Мозолистые пальцы скользнули по щеке.
Лысая Гора была на том берегу. Кажется, близко – можно докричаться, но мало кто туда хаживал, хоть и места там были ягодные да грибные. А потому что тот берег Стремны – чужая сторона. Опасная. Жить там никто не жил. Кто ж в лесу поселится? Кроме как по мосту, попасть туда можно было разве что с моря. Лысая гора некогда была продолжением другого берега Стремны, да века назад откололась, соединяясь с большой землей теперь лишь мостом, что выходил к поляне перед воротами Свири, да каменным перешейком, что упирался в крутой склон дальнего берега. Тот перешеек заливало в высокую воду, а по низкой воде он щетинился острыми камнями так, что ни пешим не одолеть, ни на лодке не пристать.
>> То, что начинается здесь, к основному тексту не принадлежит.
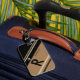 Bandes diagonales noires et brunes avec un petit avion, nom personnalisé et lettre initiale... cool pour le voyageur élégant.
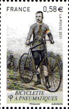 - En Mars 1861, le Vélocipède à Pédales (ancêtre du vélo actuel) est né grâce à Pierre Michaux, réparateur de draisiennes qui ajoute des pédales sur l'axe de la roue avant. Ceci permet de faire avancer la machine sans poser les pieds par terre en donnant un mouvement de rotation à la roue avant. Mais il faut pédaler vite pour avancer avec une petite roue à l'avant. Un timbre de France lui a été consacré en 1983.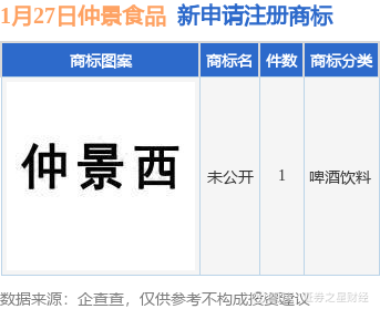 证券之星消息,根据天眼查APP数据显示,近日仲景食品股份有限公司新提交“未公开”商标注册申请。商标申请详情如下: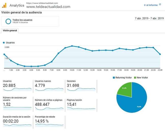 Telde.- TELDEACTUALIDAD anotó este fin semana un nuevo récord de páginas vistas con más de un millón de entradas visualizadas entre el sábado y domingo, según los datos auditados por Google Analytics y Flickr.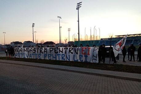 Aceştia au ţinut să-i încurajeze pe jucătorii pregătiţi de Dragoş Bon înaintea duelului cu marea rivală, afişând şi un mesaj: „Ura noastră pentru ei (dinamovişti, n.r.), motivaţie pentru lei”. Ultima dată când fanii olteni recurseseră la o astfel de acţiune de susţinere a fost înaintea meciului cu FCSB, pierdut însă de alb-albaştri cu 2-0, în decembrie anul trecut.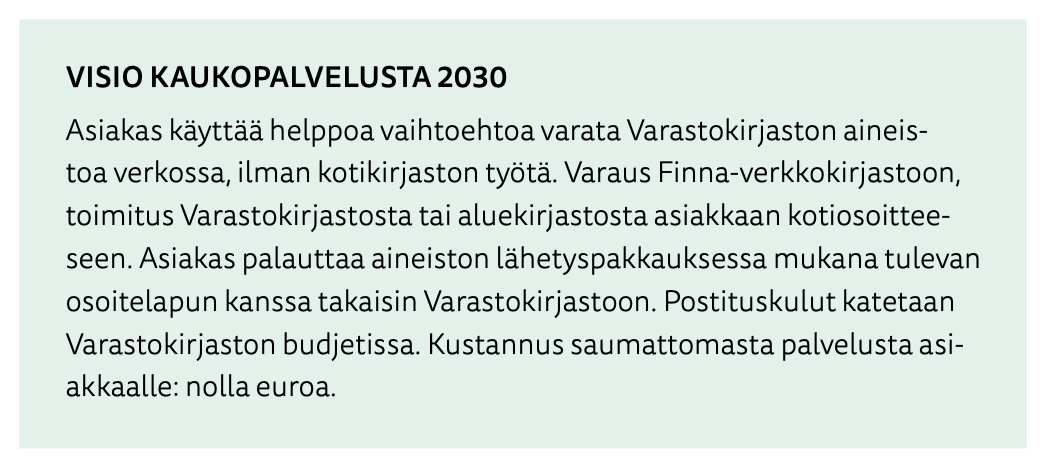 Kirjoitin kaukopalvelun maksuttomuudesta monelta kantilta kirjaan Maagisessa paikassa – Musiikkikirjastojen tuntematon tulevaisuus (2021). Visiossani aineistovarauksen kustannus asiakkaalle on nolla euroa. Visio on yhä mahdollinen jos luovumme nykyisistä kaukopalvelumaksuista emmekä aseta lainkaan uusia. Vapaan tiedon ja kulttuurin rinnalla voittavat kaikki: asiakkaat, kirjastot ja Varastokirjasto. Jotta pääsy kulttuurin ja tiedon ääreen on vapaa tulevaisuudessakin, tulee Varastokirjaston maksuton kaukopalvelu ja artikkelikopiopalvelu sekä maksuton aineistolähetys säilyttää ennallaan.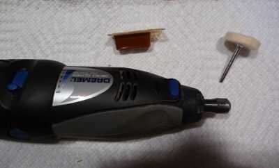 Para el pulido final en el anillo, utilicé una herramienta Dremel y algunos joyeros rouge. Si tienes el kit Dremel probablemente tiene algunas ruedas de pulido y una extraña sustancia roja pequeña en un envase de plástico. Si no tienes un Dremel u otra herramienta similar, puede utilizar un taladro de mano con una rueda que pulimenta, pero tendrá que conseguir alguna sustancia pulido, así que volver a la tienda de la caja grande.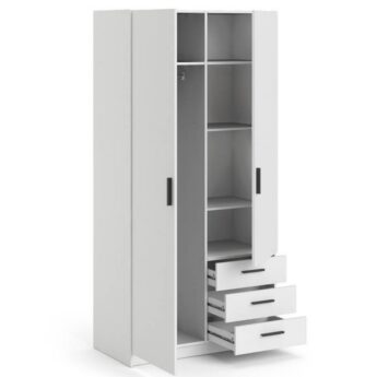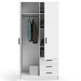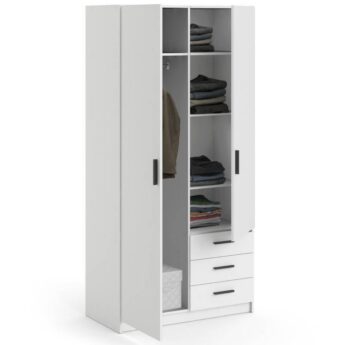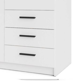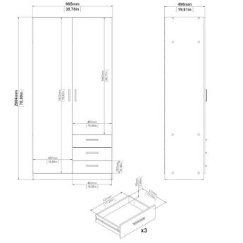 Riidekapp on valmistatud kvaliteetsest mööbliplaadist. Käepidemed on värvitud plastikust. Kapp on kaheks jaotatud, vasakul pool on ülemises osas üks riidepuutoru ning vaheriiul, paremal pool kolm metallsiinidel liikuvat sahtlit ning kolm vaheriiulit.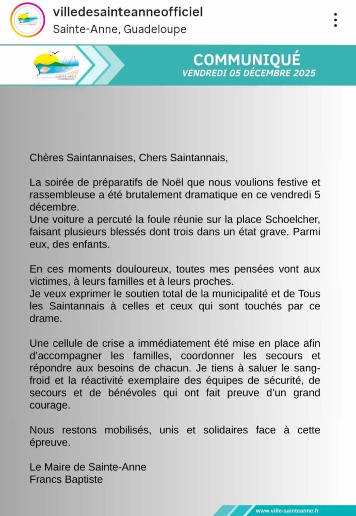 Vendredi soir, à Sainte-Anne, une voiture a fauché plusieurs personnes, dont des enfants, sur la place centrale. Trois blessés ont été évacués en urgence. Guy Losbar, président du Conseil départemental, a immédiatement réagi.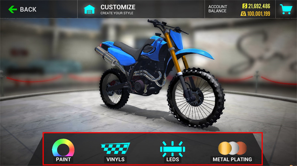 3、玩家可以根据自己的喜好对摩托车的性能外观进行不同的修改,操作非常自由没有任何限制。
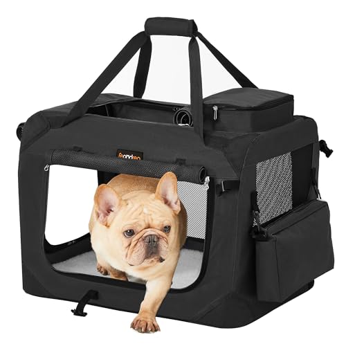 Feandrea hopfällbar hundlåda, hundtransportlåda, M, hundväska, Oxford-tyg, nät, andas, bärbar, metallram, med handtag, fickor, 60 x 42 x 42 cm, svart PDC60H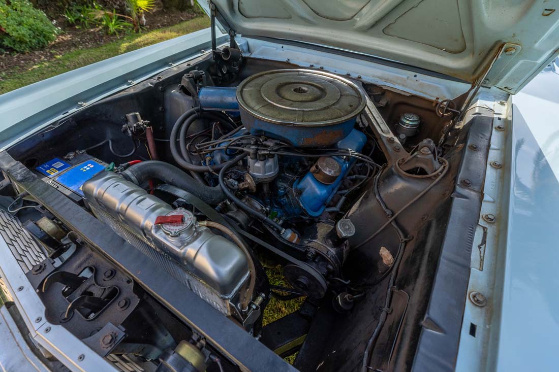 Sous le capot, on retrouve le V8 289 ci Code C dans sa configuration d'origine, reconnaissable à ses cache-culbuteurs bleus typiques Ford. La voiture vient de faire l'objet d'une révision mécanique complète. Le moteur tourne bien, délivre sa puissance sans à-coups et la boîte automatique passe les rapports en douceur.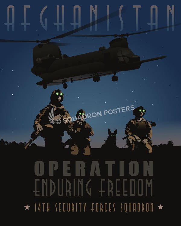 “Columbus AFB Afghanistan 14th SFS” vintage style military aviation travel poster art by – Squadron Posters!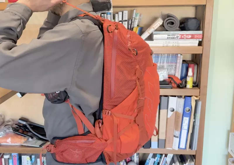 オスプレーのタロンプロ20はメインコンパートメント以外に、ジップ付きポケットがザック上部に備わり、ストレッチ素材のフロントポケット、ストレッチ素材のサイドポケット、左右にウエストベルトポケットが付いていて、よく使う装備を様々な位置に収納することができます。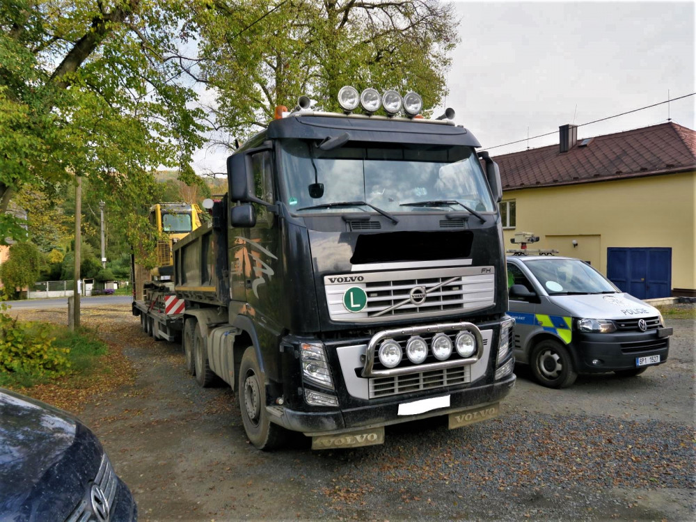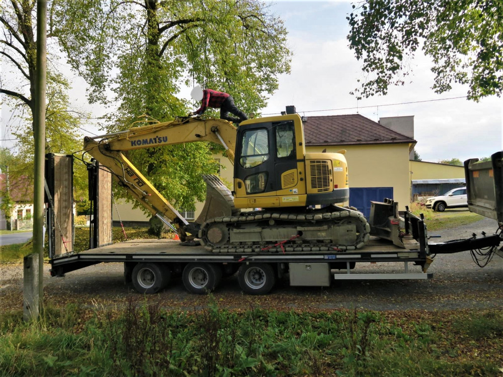 Řidič neodhadl výšku železničního podjezdu, naloženým bagrem ho poškodil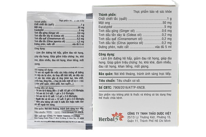 Hoạt chất: Chất chiết tắc (quất) 1g, Mật ong 50mg, Eucalyptol 5mg, Tinh dầu gừng 0.6mg, Tinh dầu tần dày lá 0.2mg, Tinh dầu quế 0.2mg, Tinh dầu tắc 0.2mg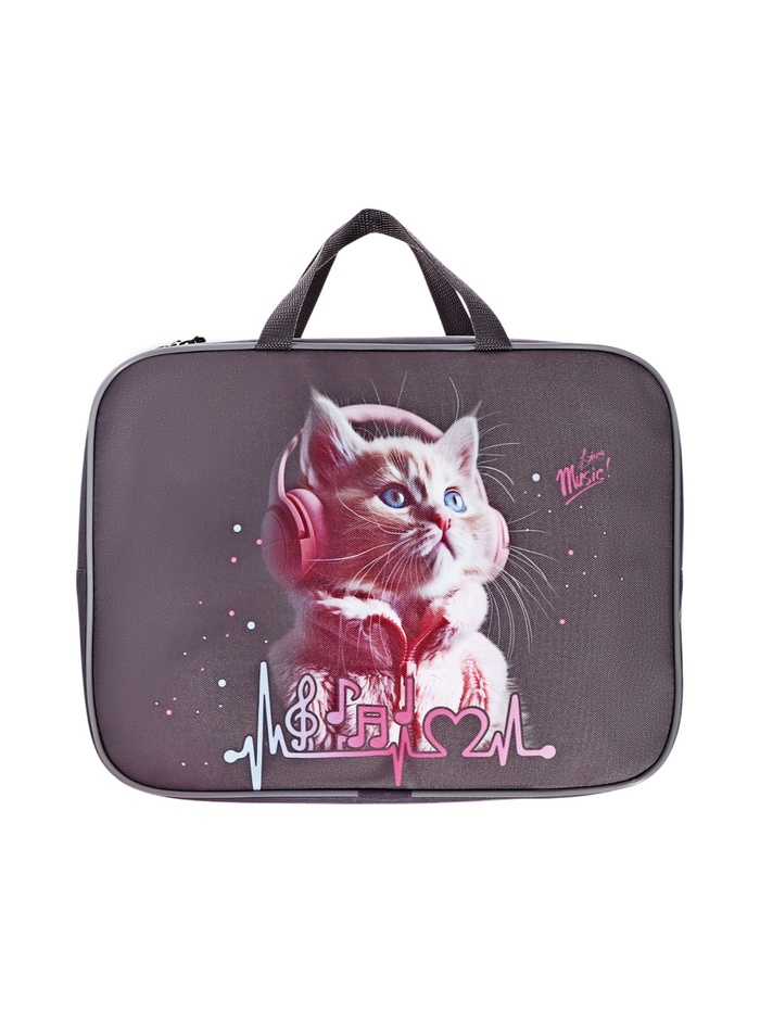 Папка с ручками текстильная А4, 350×270×80 мм, Stavia «Котик в наушниках»

Уж если ты с моря да с добром пришел, так зачем тебе Лысая Гора, коли недалеко от ворот свирских берег срезан да сходни сделаны? Тут и пристать можно, да и встретят тебя, как полагается, коли с добром. А коли со злом, так не пройти тебе ни по реке дальше, ни по земле. На то Свирь здесь когда-то и выстроили.
Одна бы Всемила на тот берег ни за что не пошла. Хоть и год как войны нет, а все одно боязно. Да и Радим не велел. Узнает – то-то браниться будет. Всемила обернулась. Часового на башне не было – некому брату донести. Сегодня в городе гулянье, и дружинники обходят стену, а не стоят на каждой башне, как всегда. Мир ведь сейчас. А все Радим. С миром вернулся из похода, из которого своего Олега привез. Всемила нахмурилась, но тут же тряхнула головой. Вот еще – прогулку себе портить. Быстро взглянула на другой берег. Одной было бы боязно, а с Ярославом хоть на край земли.
– А давай через мост бегом, пока никто не видит, – вполголоса предложил Ярослав.
А в глазах блеск. Опасный блеск. Сердце снова подскочило. Что-то будет?
– А давай!
Легкие девичьи ноги споро двигались по раскачивающемуся мосту. Прочь от высоких стен навстречу лесу. И ничто не насторожило ни в плеске воды, ни в дыхании за спиной».
========== Глава 6 ==========
В той сказке рассвет отливает золотом,
Так, что почти невозможно смотреть.
Там пахнет мятой, смолой и солодом,
Там дышится, верится, хочется петь…
Но если вдруг в мире игрушечно-правильном
Повеет несказочной страшной бедой,
И он станет серым, пустым, оплавленным…
Ты просто глаза покрепче закрой.
Одежда Всемилы все же была мне чуточку велика, хотя идеально подходила по росту. Надевая ее вещи, я чувствовала себя, по меньшей мере, странно. Как будто примеряла чужую жизнь, которая неожиданно приходилась мне впору. Ткань была грубой, и сперва я всерьез подумала, что не смогу носить эту одежду. Но время показало, что очень даже смогу. И привыкну, и перестану замечать отсутствие пуговиц и неудобную длину, и научусь с первого раза застегивать красивые браслеты на запястьях и завязывать вышитые пояса. Но это все будет потом.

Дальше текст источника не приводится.